Question 15 of Chapter 1 of Pugh's Real Mathematical Analysis, Ed. 2
Given $y \in \mathbb{R}$, $n \in \mathbb{N}$, and $\epsilon > 0$ show that for some $\delta > 0$, if $u \in \mathbb{R}$ and $|u-y| < \delta$ then $|u^n-y^n| < \epsilon.$
Hint: Prove the inequality when $n=1$, $n=2$, and then do induction on $n$ using the identity $u^n - y^n = (u-y)(u^{n-1} + u^{n-2}y + \dots +y^{n-1}).$
The question seems to be asking that the function $u \mapsto |u^n -y^n|$ is continuous for all $y,n$. I don't quite understand why the hint is to use induction. Can this not be solved by direct means?
Namely, if $y < u < (y^n + \epsilon)^{1/n}$, then $u^n - y^n < (y^n + \epsilon) - y^n = \epsilon$, which gives the required $\delta$. Is there something wrong the proof that I have outlined, so that induction is needed?

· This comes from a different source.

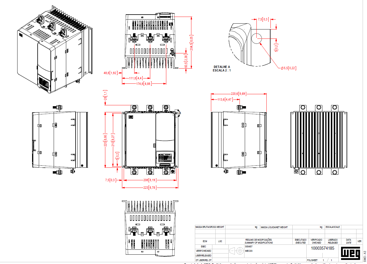 SSW070171T5SZ,SoftStart, 150Hp,220-575V, 171 Amps, 10233130, Weg, IP00

The case $n=2$ follows from
$$|u^2 - y^2|=|u-y||u+y|\leq |u-y|(|u| + |y|) \leq |u-y|(2|y| + |u - y|).$$
Similarly, we see that
$$|u^n - y^n|=|u-y|\left|\sum_{k=1}^{n}{y^{n-k} u^{k-1}}\right|$$
and
$$\left|\sum_{k=1}^{n}{y^{n-k}u^{k-1}}\right|\leq\sum_{k=1}^{n}{|y^{n-k}||u^{k-1}|}\leq\sum_{k=1}^{n}{|y^{n-k}|(|y^{k-1}|+|u^{k-1}-y^{k-1}|)}.$$
Now the conclusion follows from induction.